● TO DO: Without the pictures, print the lines running from the beginning of the material to the line containing "- Ceiling Fan(s), Crown", both ends included.

● INFORMATION SUPPLIED:
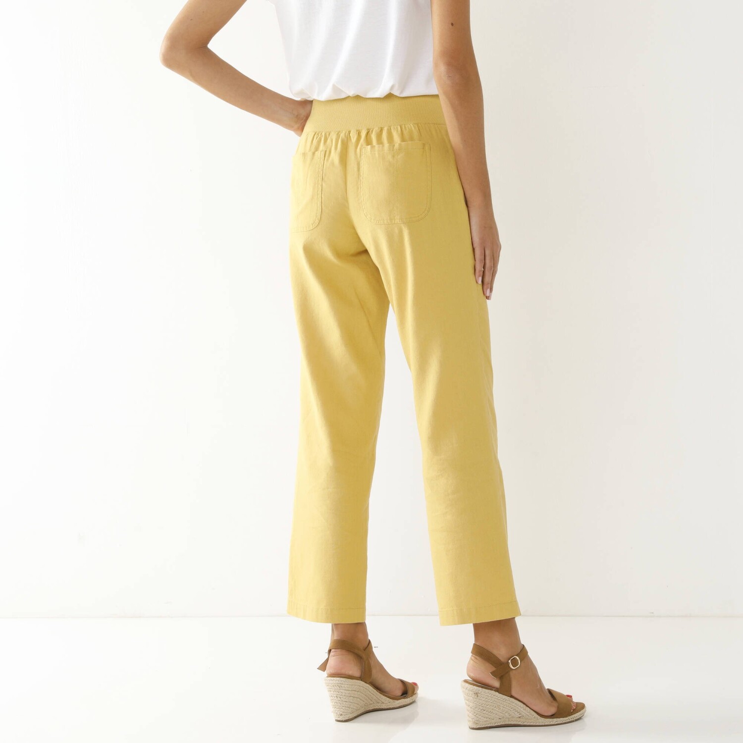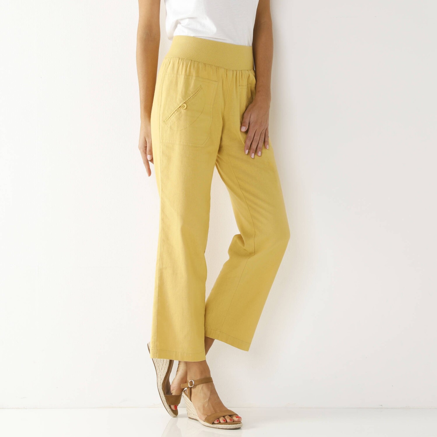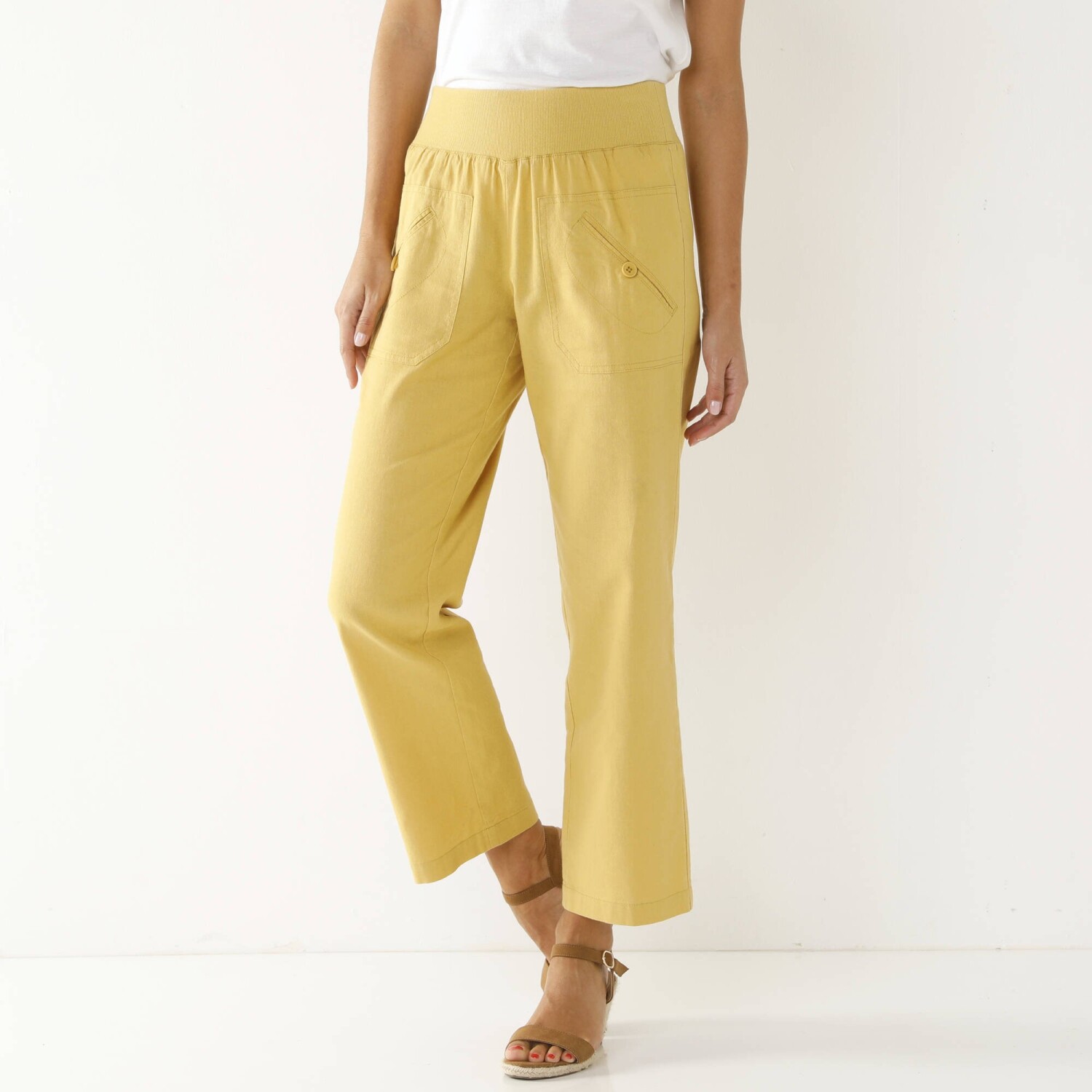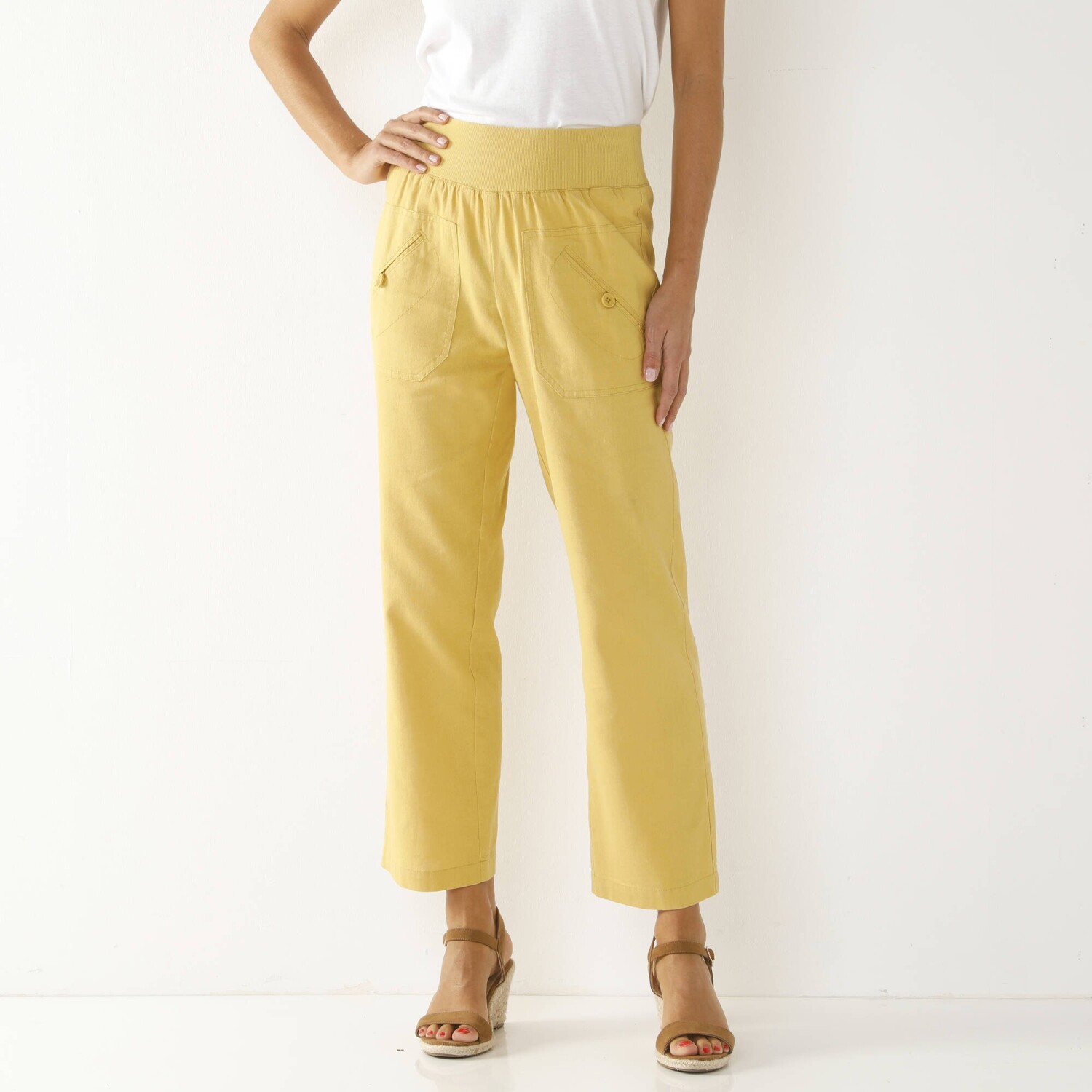 Nowoczesny krój, lekki, łatwy w pielęgnacji materiał i szeroka gama kolorów - oto spodnie 7/8 z elastyczną talią. Krój 7/8. Elastyczny, wygodny pas. 2 naszyte kieszenie z przodu z guzikiem i oczkami. 2 naszywane kieszenie z tyłu. Można prać w pralce.
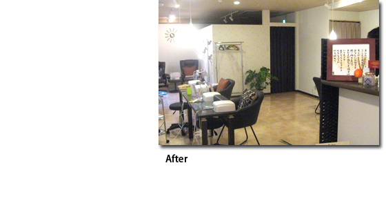 ビルの1室を改装して新規ネイルサロンを開設されるお客様です。 訪れるお客様にくつろいでいただくために、ナチュラルで柔らかい内装に させていただきました。
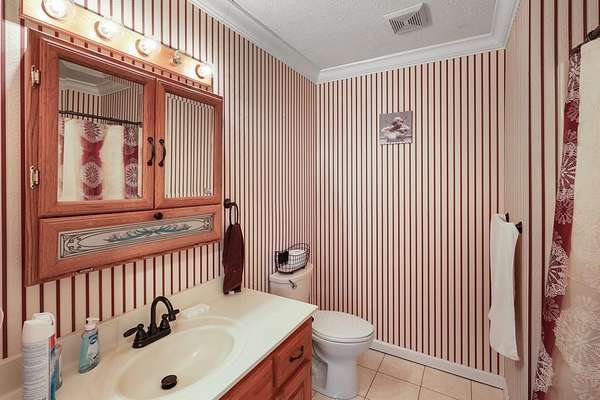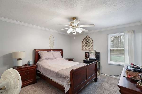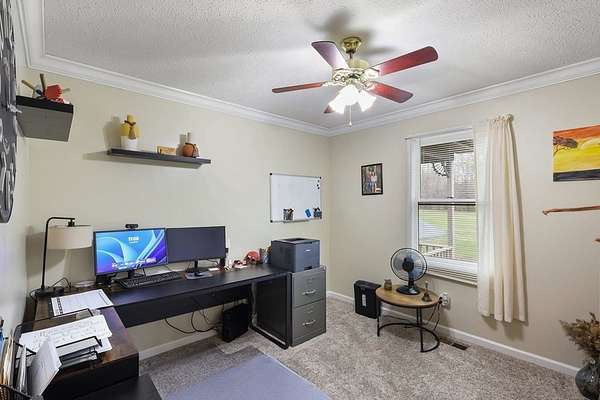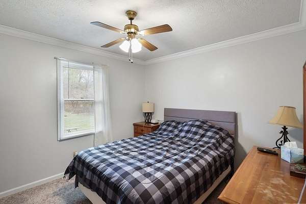 - Ceiling Fan(s), Crown Moulding, Floors-Tile, Mini Blinds
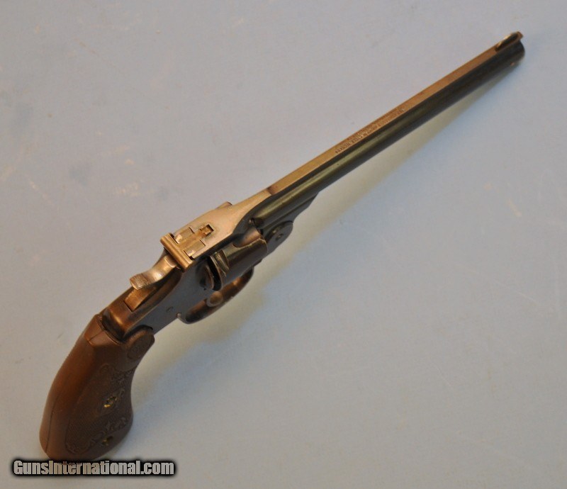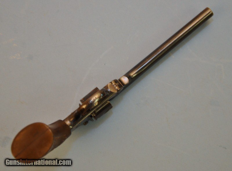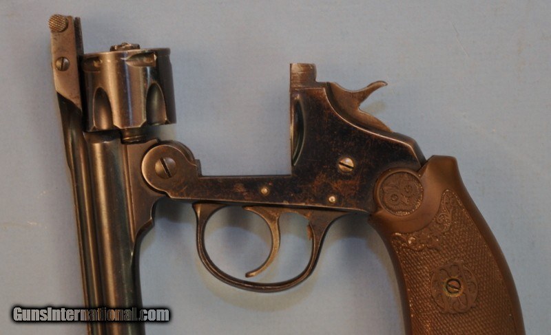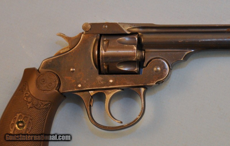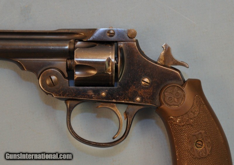 Description: Caliber .32 S&W. Serial number 53470. Small frame top break DA revolver with blue finish. 6" ribbed barrel with semi circular front sight. Fluted 5 shot cylinder. Owl's Head 2 piece bakelite grips. 80% lightly worn blue shows edge wear & freckling. Grips show light wear. Bore is generally bright with strong rifling. Sound mechanics. Shipping to FFL or C&R $15.00. SOLD Curio/Relic: Yes

● RESPONSE TO THIS TASK:
 Nowoczesny krój, lekki, łatwy w pielęgnacji materiał i szeroka gama kolorów - oto spodnie 7/8 z elastyczną talią. Krój 7/8. Elastyczny, wygodny pas. 2 naszyte kieszenie z przodu z guzikiem i oczkami. 2 naszywane kieszenie z tyłu. Można prać w pralce.
 ビルの1室を改装して新規ネイルサロンを開設されるお客様です。 訪れるお客様にくつろいでいただくために、ナチュラルで柔らかい内装に させていただきました。
 - Ceiling Fan(s), Crown Moulding, Floors-Tile, Mini Blinds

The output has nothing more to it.